Collected data:
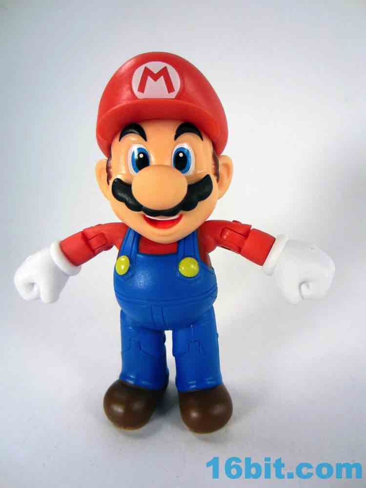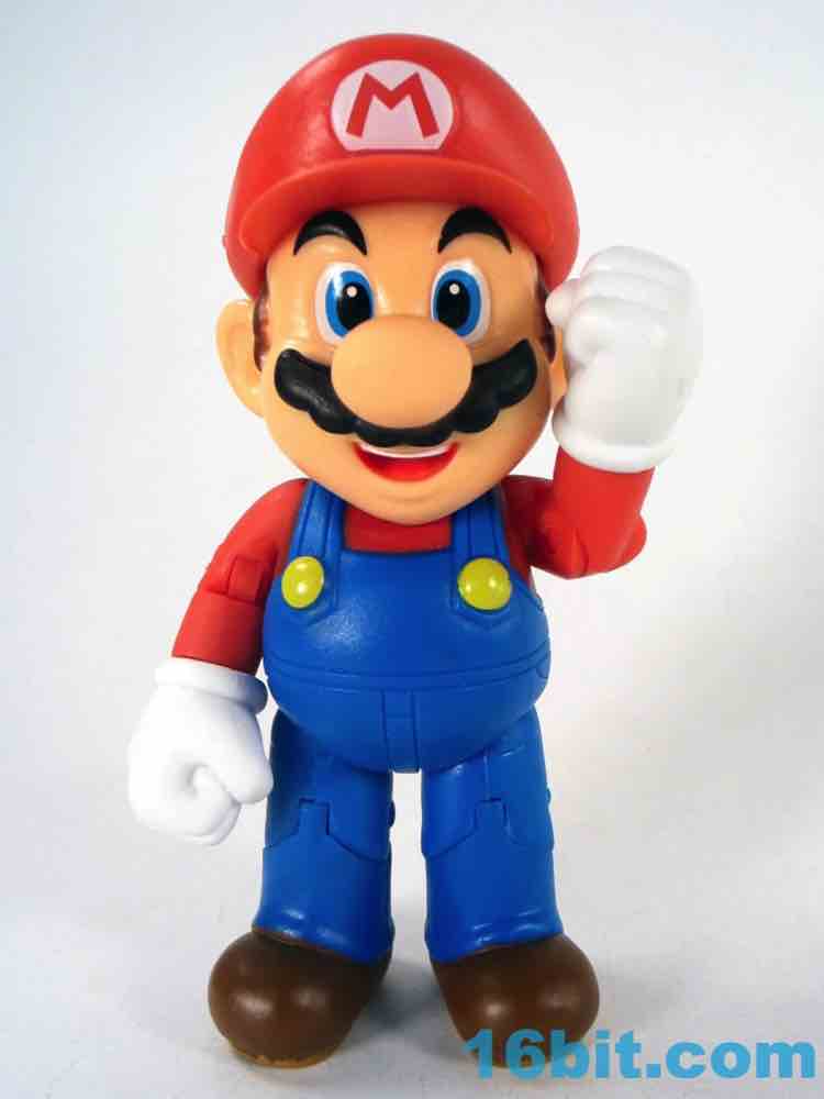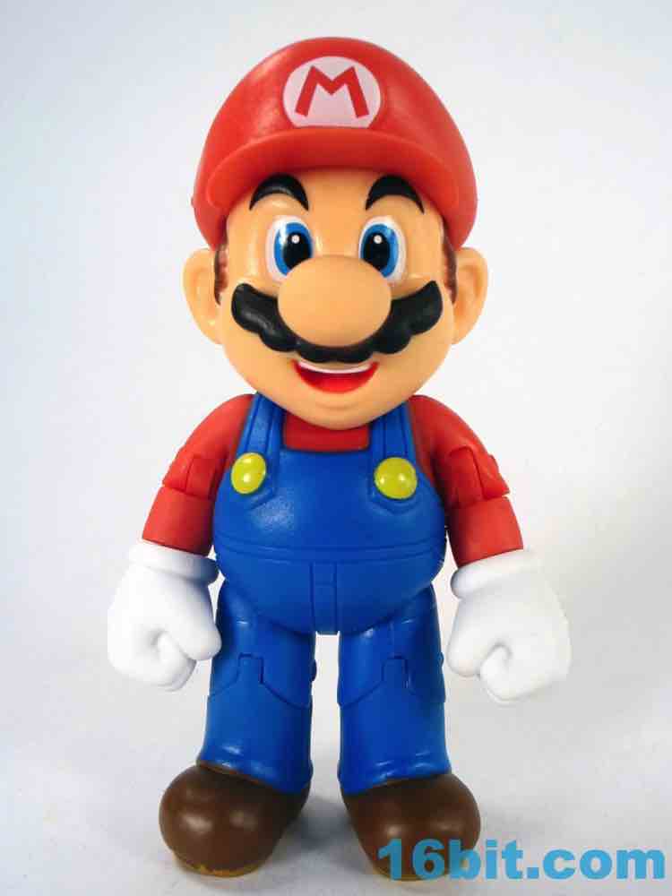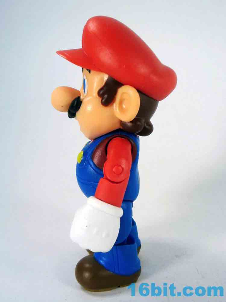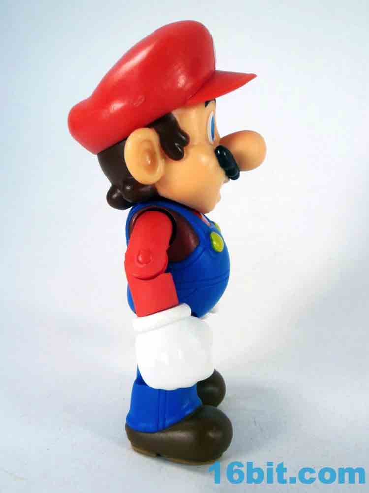 Mario stands about 4-inches tall at the highest point of the hat, and he's got 11 points of articulation. There's nothing really hidden here, minus the swivel wrists. Sadly Mario's jointed neck doesn't move much, but his big, non-jointed feet do a lot of good for this design. He has no problems being posed standing, fighting, or running without assistance assuming you get a good one (see below) and the joints aren't too loose. I very rarely can say I bought a figure developed for the American market that can stand on one foot without tons of fiddling, but Mario can with no real problems.
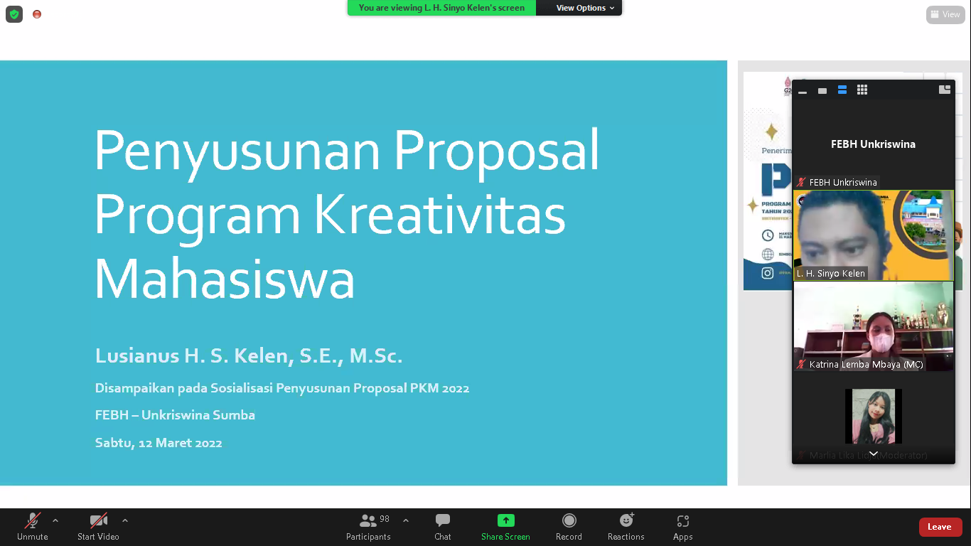 Sosialisasi Penyusunan Proposal PKM (Program Kreativitas Mahasiswa) Fakultas Ekonomi Bisnis dan Humaniora Universitas Kristen Wira Wacana Sumba
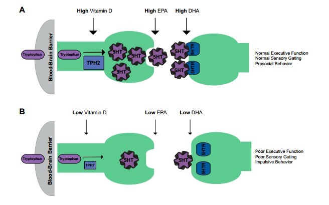 Importantly, because vitamin D regulates the synthesis of serotonin, EPA regulates its release from neurons, and DHA regulates serotonin receptor function, adequate vitamin D and v-3 fatty acid status would be critical to prevent defects in executive function, impulse control, sensory gating, and prosocial behavior, particularly in the context of a person with a polymorphism in a serotonin-related gene (Fig. 2A). Therefore, inadequate vitamin D and omega-3 fatty acid status, in combination with genetic factors that cause dysfunction in the serotonin pathway, may exacerbate defects and trigger mental illness (Fig. 2B). The timing of vitamin D and/or omega-3 deficiency in combination with genetic propensity for serotonin dysfunction is also likely to be an important determinant of whether mental illness will emerge. In fact, alterations in the migration of GABAergic interneurons during brain development, which is regulated by serotonin, is a key determinant for susceptibility to psychiatric disorders such as schizophrenia and autism (111). This may partly explain why neonatal vitamin D status is linked to the risk of schizophrenia (98, 120).
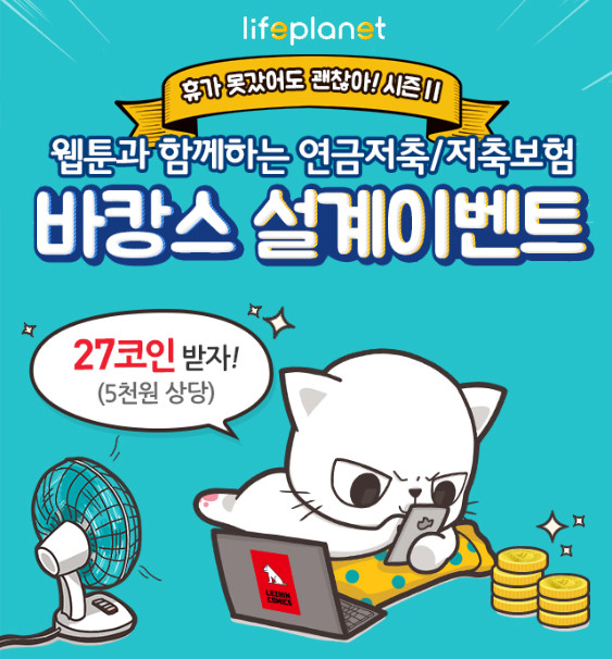 라이프플래닛은 오는 9월 17일까지 스마트폰을 통해 ‘(무)꿈꾸는e저축보험Ⅱ’ 및 ‘(무)라이프플래닛e연금저축보험’의 보험료 설계에 참여한 모든 고객에게 레진코믹스에서 이용 가능한 5천원 상당(27코인)의 쿠폰을 증정한다.

Task details: For this exercise, copy each line of the data above exactly, from the first through the line containing "Sosialisasi Penyusunan Proposal", and drop the pictures.

Result of this task:
 Mario stands about 4-inches tall at the highest point of the hat, and he's got 11 points of articulation. There's nothing really hidden here, minus the swivel wrists. Sadly Mario's jointed neck doesn't move much, but his big, non-jointed feet do a lot of good for this design. He has no problems being posed standing, fighting, or running without assistance assuming you get a good one (see below) and the joints aren't too loose. I very rarely can say I bought a figure developed for the American market that can stand on one foot without tons of fiddling, but Mario can with no real problems.
 Sosialisasi Penyusunan Proposal PKM (Program Kreativitas Mahasiswa) Fakultas Ekonomi Bisnis dan Humaniora Universitas Kristen Wira Wacana Sumba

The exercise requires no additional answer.